Welcome to Anchored Consulting & Services LLC. These Terms and Conditions are governed for the use of our consulting services. By engaging our Services, you agree to comply with and be bound by these Terms and conditions.
Services
Anchored Consulting & Services LLC includes but not limited to regulatory compliance, operational efficiency, quality improvement, business development, and staff training.
Client Obligations
- Cooperation: The Client agrees to provide all necessary information, access to facilities, and cooperation required for the Company to perform the Services effectively.
- Payment: The Client agrees to pay for the Services as outlined in the agreed-upon proposal or contract.
Fees and Payment
- Fee Structure: Fees for Services will be outlined in the proposal or contract and may include hourly rates, fixed fees, or retainer agreements.
- Payment Terms: Invoices are due and payable within 30 days of receipt unless otherwise specified.
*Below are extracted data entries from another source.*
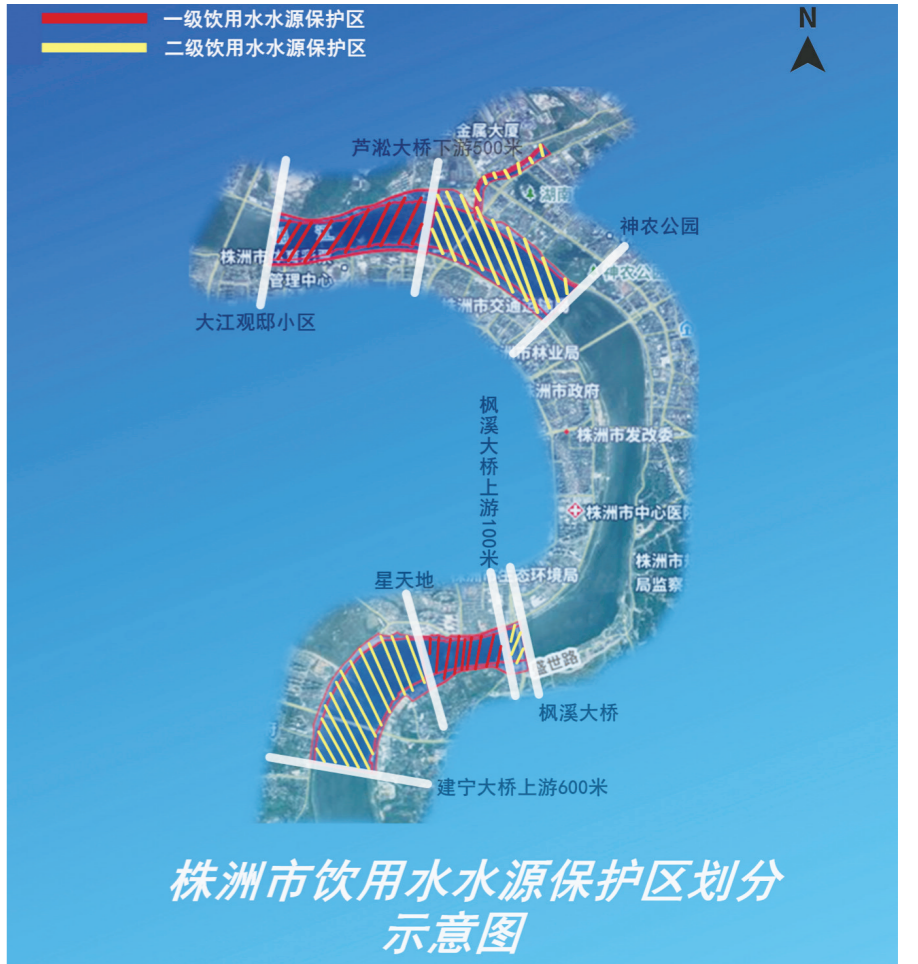
株洲市饮用水水源保护区划分示意图。

“简单来说,湘江城区段有防护网(栏)的区域,就是饮用水水源一级保护区。”该负责人说,在饮用水水源一级保护区内游泳、垂钓或从事其他可能污染水体活动的个人,将被处500元以下罚款。
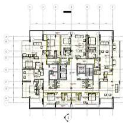
Imagen 6. Planta piso 6.
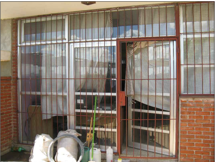
PUERTA VENTANA 2.60x3.15
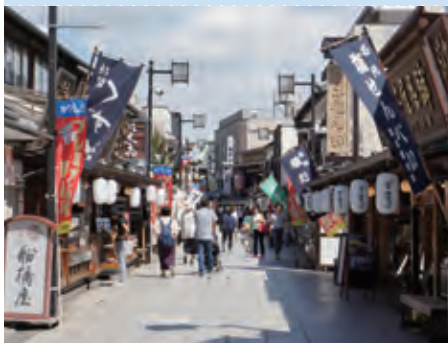
葛飾柴又の文化的景観（東京都葛飾区）
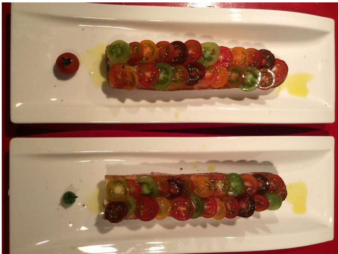
ミニトマトのサラダ

横に薄めに切ったフィセル（バゲットの小さい版）にオリーブオイルを垂らしてサッと焼き、スライスしたミニトマトを好きなように彩りよく並べて、塩、胡椒とオリーブオイルをかけただけのものです。
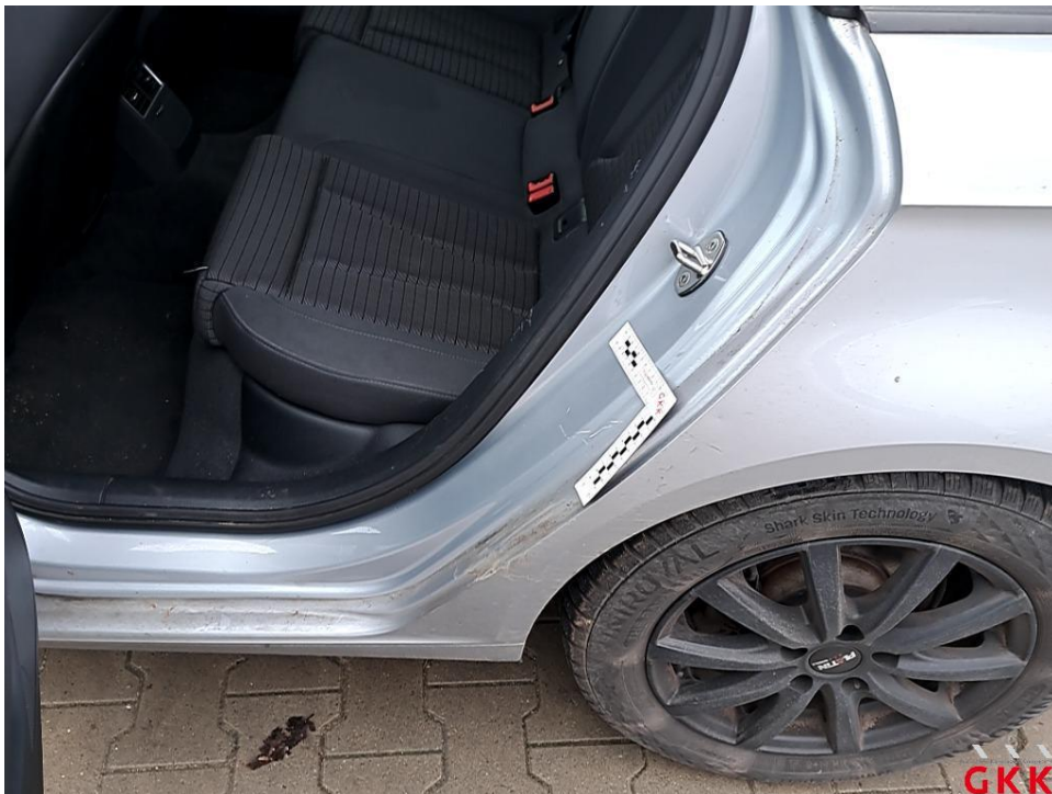
Bild 20 Tür hinten links, Einstieg, verkratzt, Smartrepair
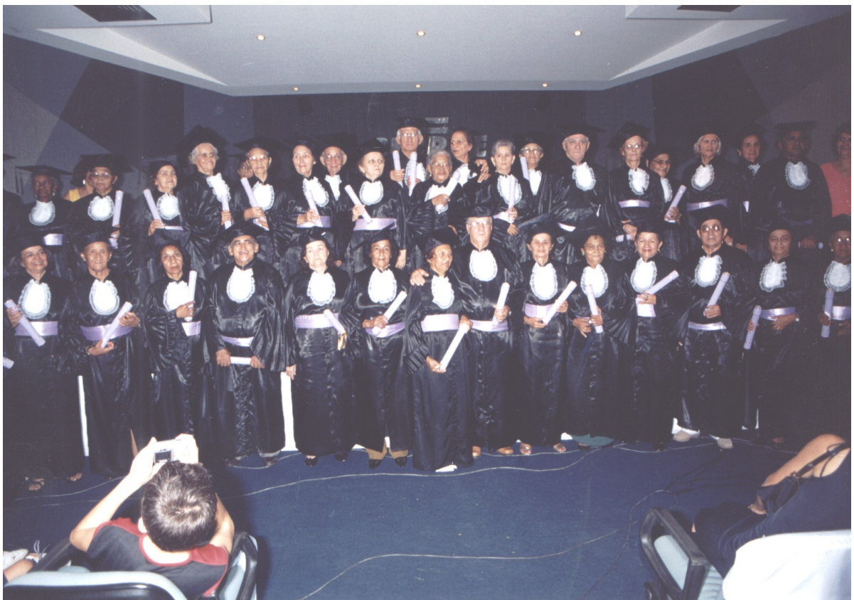
Solenidade de Formatura
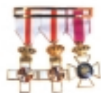
CONDECORACIONES TAMAÑO NORMAL
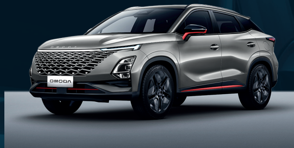
Aviation Silver z czerwonymi akcentami Dla wersji Premium
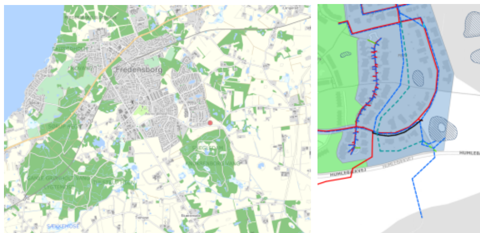
Figur 1: oversigtskort, Figur 2: oplandsafgrænsning

Tillægget beskriver omfanget af de klimatilpasningstiltag, der skal udføres i kloakopland FB72, for at Fredensborg Forsynings regnvandssystem lever op til serviceniveau. Det beskrives, hvilke matrikler og grundejere, der berøres af kloakarbejdet, samt af bassinudvidelsen. Med plantillægget bliver bassinet dimensioneret til at håndtere en 5 års regnhændelse som den ser ud om 50 år.
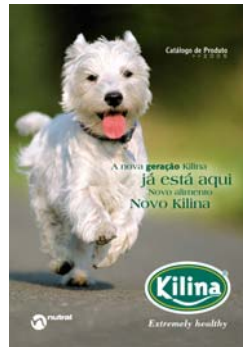
Catálogo de producto

Desde la imagen corporativa hasta las piezas de promoción en punto de venta, pasando por el diseño de toda su línea de productos. Kilina, un proyecto muy ambicioso que desarrollamos con la dirección de marketing del cliente, logrando piezas contundentes y muy satisfactorias para sus objetivos comerciales.
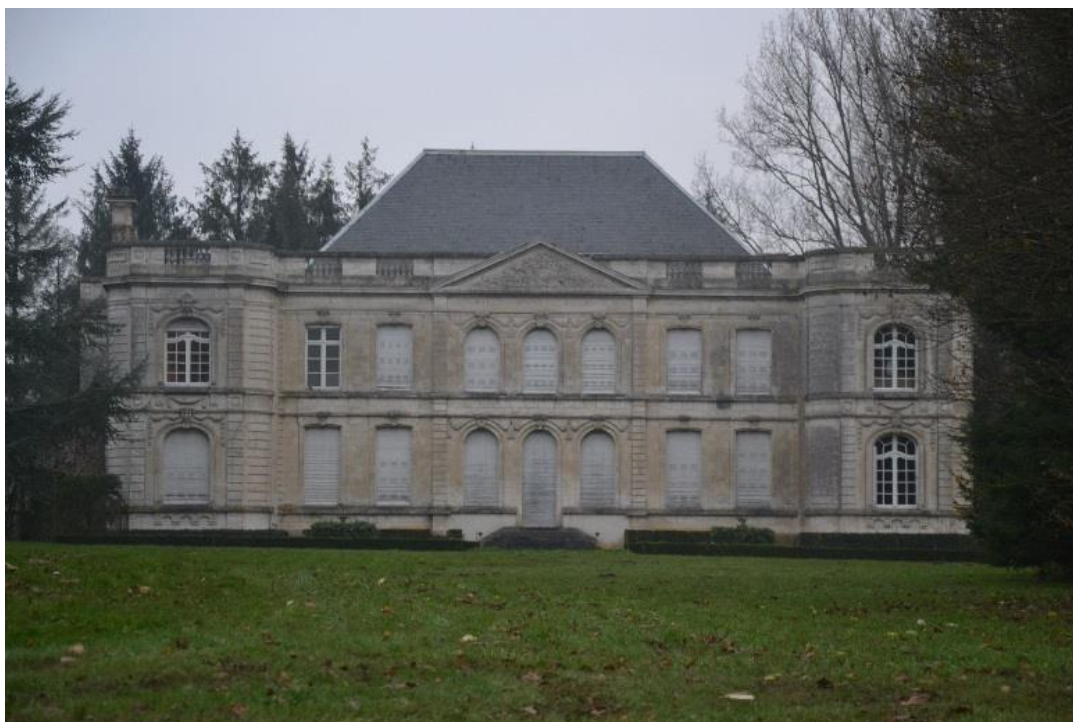
Figure 9 Vue du château depuis la rue d'Aire
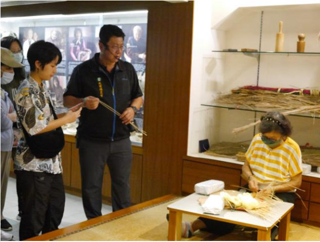
蘭草文化館現場工藝師展演編織
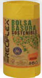
Ref.: 1100000863 RECIFLEX Bosses d'escombraries grogues G-90, 85 x 105 cm 10 u.
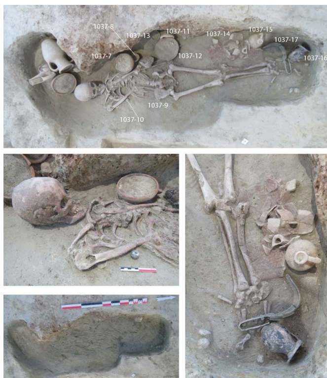
Fig. 2 – Tombe de la fin du IV e -début du III e s.
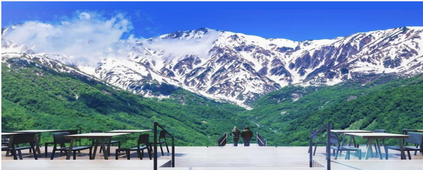
HAKUBA MOUNTAIN HARBOR

ไม่พลาดกับการ ชมวิวแบบพาโนรามา ณ Hakuba Mountain Harbor ด้วยทัศนียภาพที่เหนือ ชั้นของภูเขาโดยรอบ จุดเด่น คือ ระเบียง “Hakuba Sanzan” ที่สามารถเห็นเทือกเขาแอลป์แบบ 360 องศา ได้อย่างสวยงามในทุกฤดู สามารถยืนถ่ายรูป และดื่มด่ำกับบรรยากาศได้อย่าง เต็มอิม ในบริเวณเดียวกันยังมีร้านเบเกอรี่ โดยทางเข้ามีที่นั่งบนระเบียง สามารถเพลิดเพลิน ไปกับการจิบเครื่องดื่มอุ่น ๆ พร้อมชมบรรยากาศตามอัธยาศัย
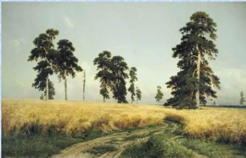
Шишкин Иван Иванович Рожь 1878

- Late Payments: Late payments may incur a late fee of 1.5% per month or the maximum amount allowed by law.
Confidentiality
- Confidential Information: Both parties agree to keep confidential any proprietary or sensitive information disclosed during the term of the engagement.
- Non-Disclosure: Neither party will disclose any confidential information to third parties without prior written consent, except as required by law.
Intellectual Property
- Ownership: Any materials, reports, or documents produced by the Company during the course of the Services are the intellectual property of the Company until payment is received in full.
- License: Upon full payment, the Company grants the Client a non-exclusive, non-transferable documents to use the materials for their intended purpose.
Limitation of Liability
- No Guarantee: The Company makes no guarantees regarding specific outcomes after certificate and license is rendered after results from the Services provided.
- Liability Cap: The Company's liability for any claims arising out of the Services will be limited to the amount paid by the Client for those Services.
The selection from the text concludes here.